In praise of multiple options for circumvention

by phobos | February 17, 2009

I was asked the other day why we don't advocate for just Tor as the one tool to rule them all. My glib answer is "of course we do, however the larger the toolbox, the better off the world."

Expanding on that notion, the various anonymity, privacy, and circumvention tools target different people and use cases. Tor advocates for Anonymity first, circumvention second. It would be very naive of us to think that we can solve all use cases. In fact, it would be silly of us to try to dictate the needs of any user. The larger the ecosystem of privacy and anonymity tools, the more options for users, and the better off we are as a whole.

At the core, Tor is a protocol and a set of specifications. Others can take our documentation and build upon it for their own tool. The EU PRIME project did this and created a fully Java implementation of Tor with a GUI. The result was called OnionCoffee. It's woefully out of date now, but the proof of concept stands; it can be done. The purpose of specifying a protocol is to leave interpretation and implementation as open as possible. Imagine if the creators of the Internet Protocol restricted implementations to exactly as they had envisioned 40-something years ago. As for Tor, there is much more protocol work to be done, research completed, and our reference implementation polished before we can consider online anonymity solved, or even close to solved.

We are often asked, "I use tool X, what do you think about it?
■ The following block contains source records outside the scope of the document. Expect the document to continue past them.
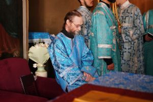 В завершение митрополит Иоанн поздравил диакона Александра Жирнова со знаменательной датой – 30-летием диаконской хиротонии.
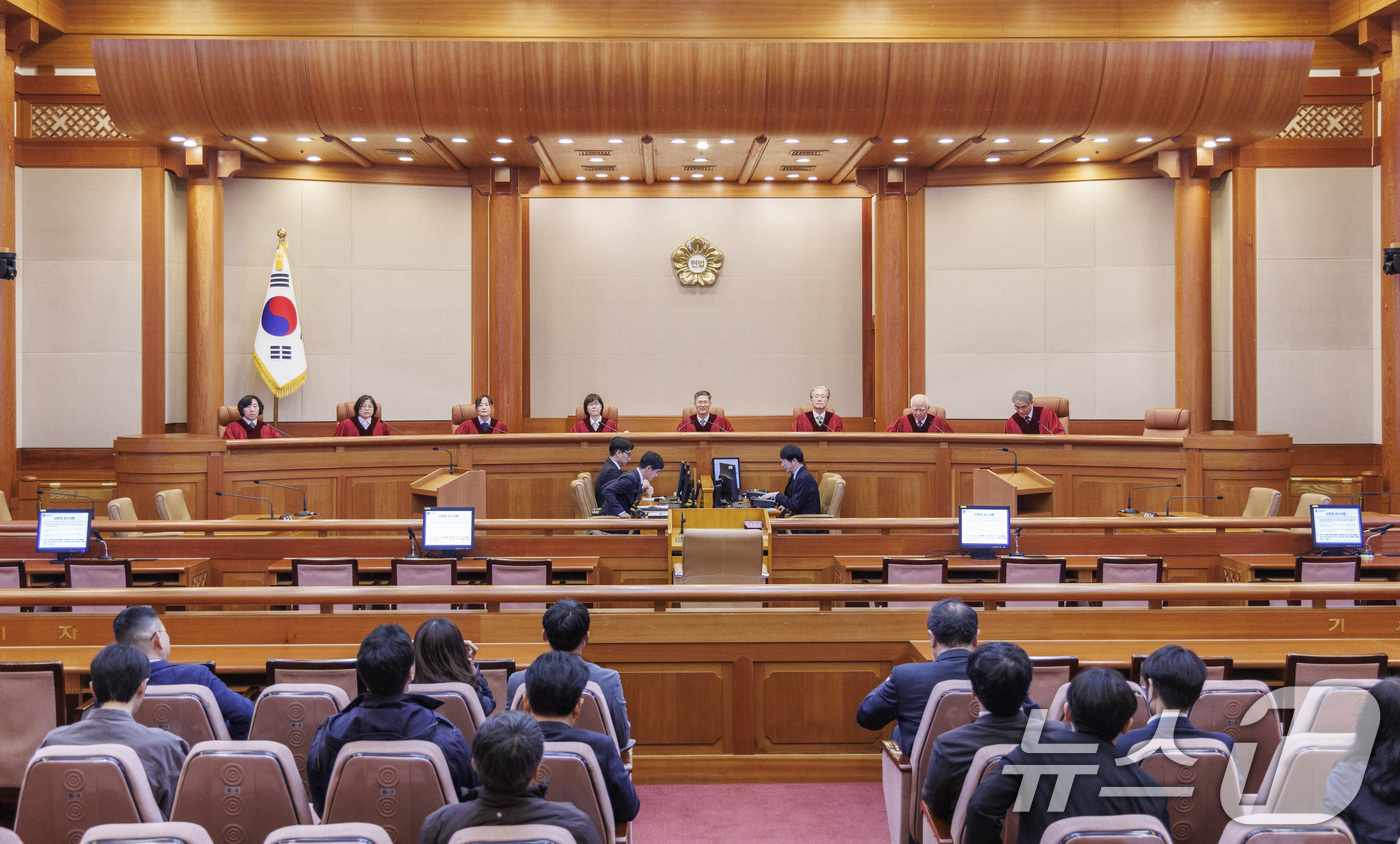 문형배 헌법재판소장 권한대행을 비롯한 헌법재판관들이 10일 오후 서울 종로구 재동 헌법재판소에서 열린 박성재 법무부장관 탄핵 심판 선고를 위해 대심판정에 착석하고 있다. (공동취재) 2025.4.10/뉴스1 ⓒ News1 오대일 기자 |
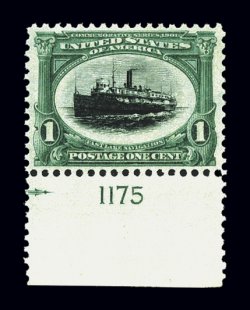 398 nh 294 image#294, 1c Pan-American, bottom plate no. 1175 single, precisely centered, lovely rich colors, pristine o.g., n.h., extremely fine and handsome; 2001 PF certificate (Image) $45.00
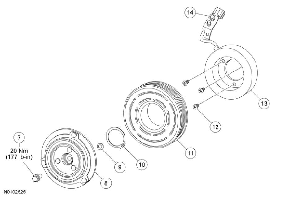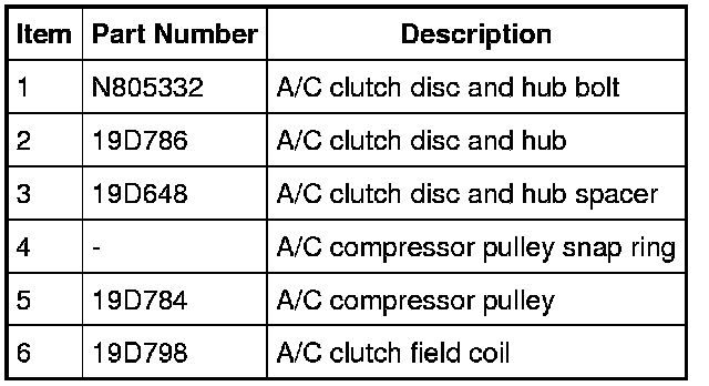8. NOTICE: Do not use air tools. Damage to the Air Conditioning (A/C) clutch field coil or A/C compressor may result.
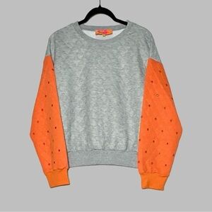 NWT English Rose by Revolve Crewneck Quilted Gray Sweatshirt with Orange Sleeves & Breathable Grommets, and Ribbed Cuffs & Hem, Size Medium.
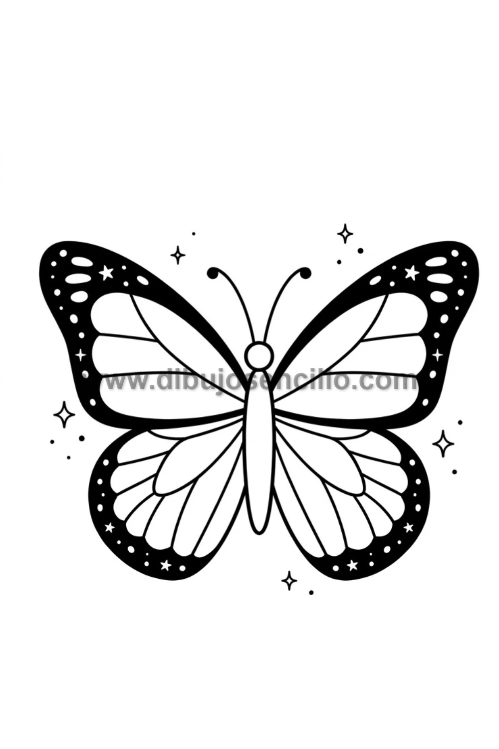 La mariposa monarca con sus nervios característicos que dividen las alas en secciones y sus puntos blancos en el borde exterior, la especie más reconocida y admirable del mundo de las mariposas que realiza migraciones épicas de miles de kilómetros. Su patrón de nervios simples la hace muy interesante y educativa de dibujar.
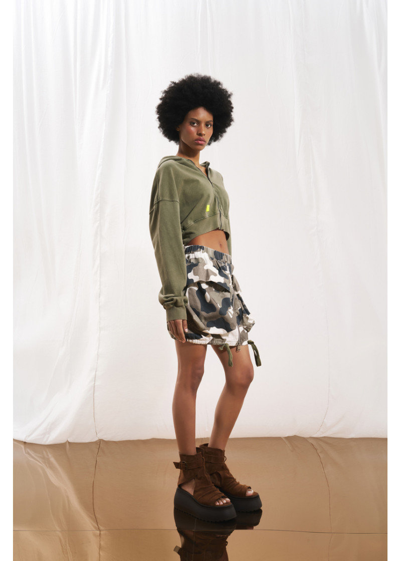 Opis: Pamučna kratka suknja u military printu sa džepovima i lastišem
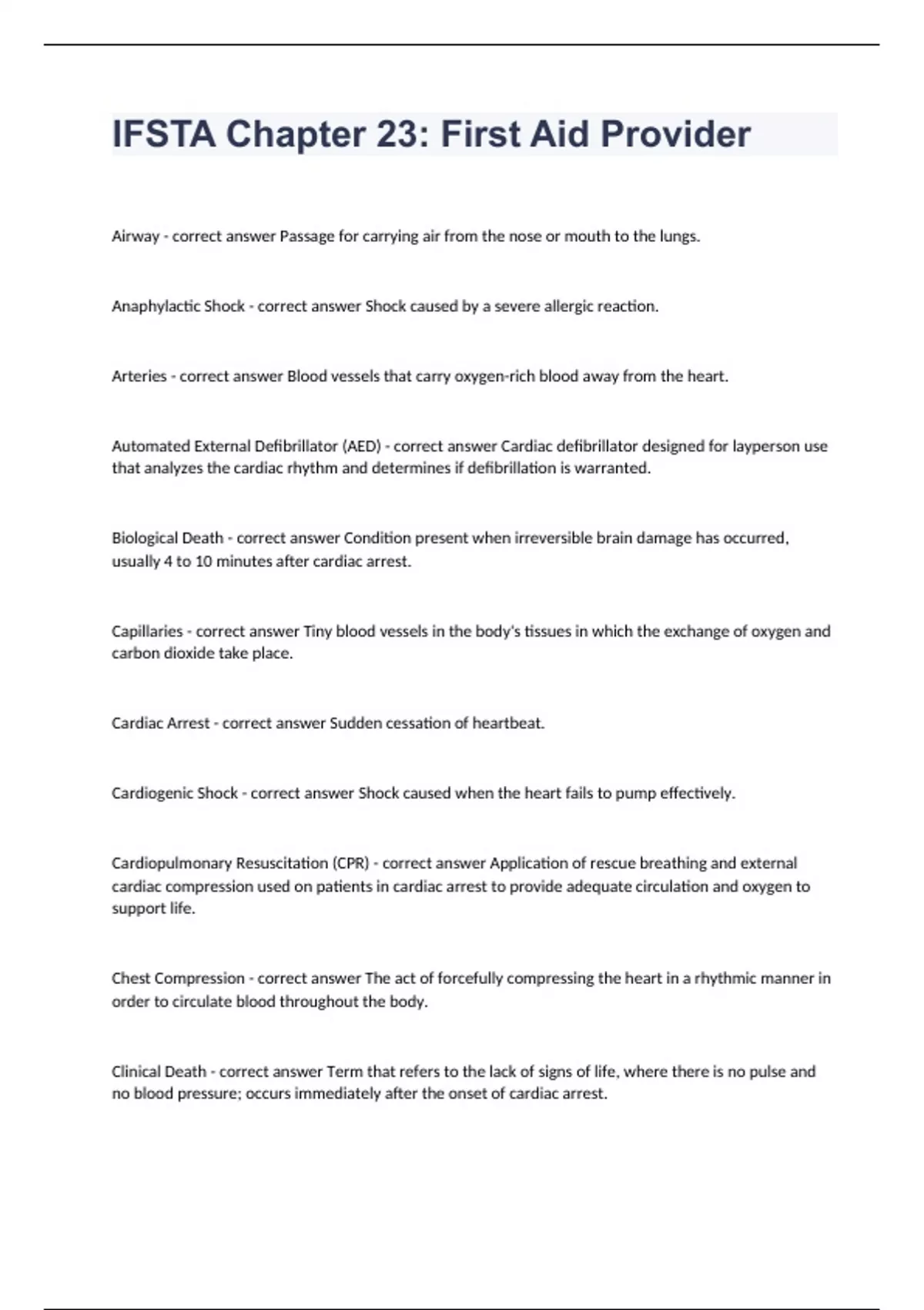 IFSTA Chapter 23: First Aid Provider Airway - correct answer Passage for carrying air from the nose or mouth to the lungs. Anaphylactic Shock - correct answer Shock caused by a severe allergic reaction. Arteries - correct answer Blood vessels that carry oxygen-rich blood away from the heart. Automated External Defibrillator (AED) - correct answer Cardiac defibrillator designed for layperson use that analyzes the cardiac rhythm and determines if defibrillation is warranted. Biological Death - correct answer Condition present when irreversible brain damage has occurred, usually 4 to 10 minutes after cardiac arrest. Capillaries - correct answer Tiny blood vessels in the body's tissues in which the exchange of oxygen and carbon dioxide take place. Cardiac Arrest - correct answer Sudden cessation of heartbeat. Cardiogenic Shock - correct answer Shock caused when the heart fails to pump effectively. Cardiopulmonary Resuscitation (CPR) - correct answer Application of rescue breathing and external cardiac compression used on patients in cardiac arrest to provide adequate circulation and oxygen to support life. Chest Compression - correct answer The act of forcefully compressing the heart in a rhythmic manner in order to circulate blood throughout the body. Clinical Death - correct answer Term that refers to the lack of signs of life, where there is no pulse and no blood pressure; occurs immediately after the onset of cardiac arrest.

Should I switch to Tor?"

Instead of an answer, we ask a series of questions to find out why they use X; for the reasons of learning more about X, why people choose X, and what Tor may lack. It turns out, they use X because their friends use X, and they know the strengths and weaknesses of the software well. It may not be perfect, but they know what the software can and cannot do. They know if a tool is compromised, or access to the service is shut off, they can switch to another. If there was only one tool, once it is blocked or disappears, the users are screwed. Isn't it great to have options?

Obviously, we state that Tor is a fine solution, and perhaps they should add the concept of anonymity and our software to their list of options. Our goal is educating users to help themselves and others. Anyone who suggests otherwise is trying to sell you something.